> Provided data:
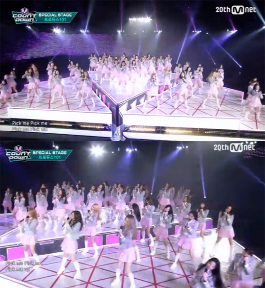 이날 98명 연습생들은 흰 와이셔츠에 재킷, 분홍색 플리츠스커트를 입고 스쿨룩으로 무대를 꾸몄다.
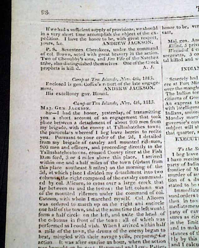 Inside has a detailed letter from John Coffee, prefaced by a note signed: Andrew Jackson, which is a fine account of the Battle of Tallushatchee.
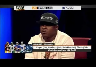 Jadakiss' gravelly voice may not scream "TV host," but someone evidently wanted to hear the NYC MC speak his mind on ESPN, because he turned up on the network last night. Visiting the network's First Take program, hosted by Stephen A . Smith and Skip Bayless, Jada gave his predictions on the NFC East and mourned his hometown Giants' woeful performance thus far.

> What this task involves:
Pictures are not part of the copy. Restate everything else in the listing word for word.

> Response to the task:
 이날 98명 연습생들은 흰 와이셔츠에 재킷, 분홍색 플리츠스커트를 입고 스쿨룩으로 무대를 꾸몄다.
 Inside has a detailed letter from John Coffee, prefaced by a note signed: Andrew Jackson, which is a fine account of the Battle of Tallushatchee.
 Jadakiss' gravelly voice may not scream "TV host," but someone evidently wanted to hear the NYC MC speak his mind on ESPN, because he turned up on the network last night. Visiting the network's First Take program, hosted by Stephen A . Smith and Skip Bayless, Jada gave his predictions on the NFC East and mourned his hometown Giants' woeful performance thus far.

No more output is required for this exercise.